What to Know About Polio: Vaccines, Symptoms and How It Spreads

Even after someone recovers from polio, they can develop muscle pain, weakness or paralysis 15 to 40 years later. Children who recover from polio may experience post-polio syndrome as adults, with muscle weakness, fatigue, and joint pain setting in decades after their initial infection. It’s not clear why only some people develop post-polio syndrome, but those who experienced severe polio cases may be more susceptible.

Polio is very contagious. It spreads from person to person — typically, when someone is in contact with the feces of an infected person and then touches their mouth. This is particularly concerning for children under 5, who, Dr. Esper said, may struggle with hand hygiene. “Every adult who has children knows that’s how germs are spread,” he said. Less commonly, polio can be spread when droplets from an infected person sneezing or coughing enter someone’s mouth.

And as with Covid-19, it is possible to spread the virus even if you don’t have symptoms.

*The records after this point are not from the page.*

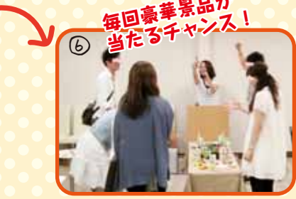
⑥ 毎回豪華景品が当たるチャンス! じゃんけん大会
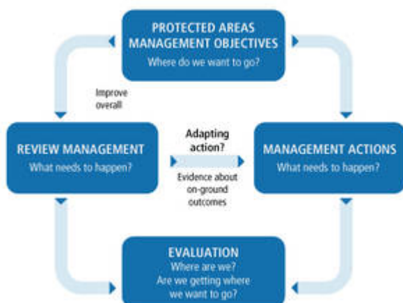
Figure 2. Processus de planification de gestion participative, rationnelle et adaptative (Spoelder, P. et al., 2015)

L'élaboration d'un plan de gestion d'une aire protégée comporte généralement quatre étapes, qui s'inscrivent dans un processus de planification participative, rationnelle et adaptative.
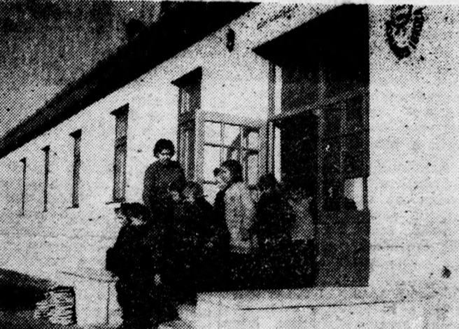
Szép napfényes az idő, menjünk ki gyerekek az udvarra

Pár héttel ezelőtt adták át kedvesebb legyen az iskola rendeltetésének a tégláskerti új iskolát. Nagy szüksége volt erre a kertségnek, mert a régi iskola bizony már kiürült. Ezért büszkeséget kell tanúsítanunk, hogy leküzdjük a jelenlegi nehézségeket és mindent megtegyünk földünk békéjének biztosítására.
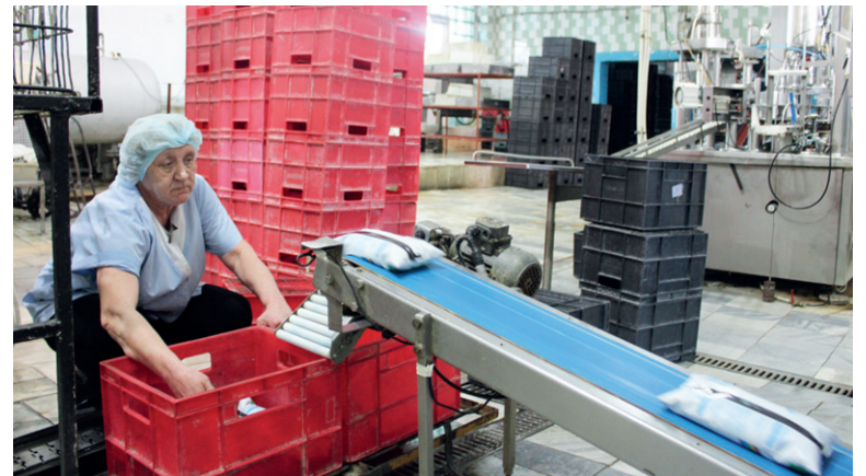
Фасовочный робот полностью не заменит человека
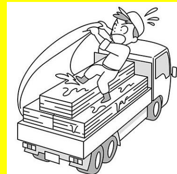
イメージ図

被災者は、荷の積み込み完了後、積荷上で、積荷にシートをかける作業中、何らかの理由で荷台から地上に墜落し、頭部を強打したものです。
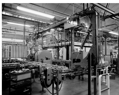
Vue intérieure partielle de la ferblanterie : fabrication des boîtes en métal destinées à contenir le lait en poudre.
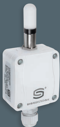
HYGRASGARD® AFF-SD forma compatta, senza display
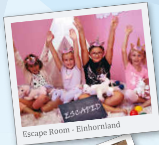
Escape Room - Einhornland

Nur durch Ihre Mithilfe gibt es dieses Jahr wie- der ein tolles Programm.
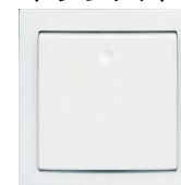
バスルームの照明をオンオフ
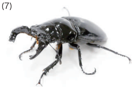
タランドゥスオオツヤクワガタ
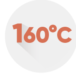
Kısa Devre Sıcaklığı Short Circuit Temperature Температура Короткого Замыкания

The oral polio vaccine, which helped the United States eliminate polio and is not administered in the country any more, contains weakened live poliovirus. In rare cases, the virus can revert to a so-called “vaccine-derived polio,” and can lead to disease, said Dr. Paul Offit, a vaccine expert at Children’s Hospital of Philadelphia. Health officials in New York confirmed that the person in Rockland County was exposed to someone who received the oral polio vaccine, which mutated to a pathogenic form of the virus. The oral polio vaccine has not been administered in the United States since 2000. Today, the polio vaccine in the United States is a highly effective shot, which does not contain live virus, unlike the oral vaccine.

There are many countries that still use the oral vaccine. “We’re always at risk of having that vaccine-derived strain come into this country,” Dr. Offit said.

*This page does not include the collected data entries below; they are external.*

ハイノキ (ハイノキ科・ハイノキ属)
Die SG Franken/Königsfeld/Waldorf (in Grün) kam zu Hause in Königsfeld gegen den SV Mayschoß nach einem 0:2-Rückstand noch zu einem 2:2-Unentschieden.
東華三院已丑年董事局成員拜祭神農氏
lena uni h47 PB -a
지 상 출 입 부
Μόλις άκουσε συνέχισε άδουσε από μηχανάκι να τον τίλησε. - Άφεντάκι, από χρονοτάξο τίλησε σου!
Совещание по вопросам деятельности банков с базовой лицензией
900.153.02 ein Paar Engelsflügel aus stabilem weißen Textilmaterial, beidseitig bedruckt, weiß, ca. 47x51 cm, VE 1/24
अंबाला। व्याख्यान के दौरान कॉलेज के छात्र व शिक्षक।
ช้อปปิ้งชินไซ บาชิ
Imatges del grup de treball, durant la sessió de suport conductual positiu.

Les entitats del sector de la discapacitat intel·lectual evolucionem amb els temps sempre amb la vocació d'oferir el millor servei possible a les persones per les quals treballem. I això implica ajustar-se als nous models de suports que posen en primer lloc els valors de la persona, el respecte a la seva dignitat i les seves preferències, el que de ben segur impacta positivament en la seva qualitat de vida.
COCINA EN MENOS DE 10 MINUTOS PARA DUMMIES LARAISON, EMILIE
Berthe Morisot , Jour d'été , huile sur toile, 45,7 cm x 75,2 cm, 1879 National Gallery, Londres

Vaccination is the best way to guard against polio, and the highly effective vaccine is part of a regular childhood immunization schedule in the United States.

“This is the good news about living in the vaccine era,” said Dr. Offit, who grew up during the 1950s and remembered his mother forbidding him from swimming in a public pool for fear of contracting the virus. “You just need to get vaccinated.”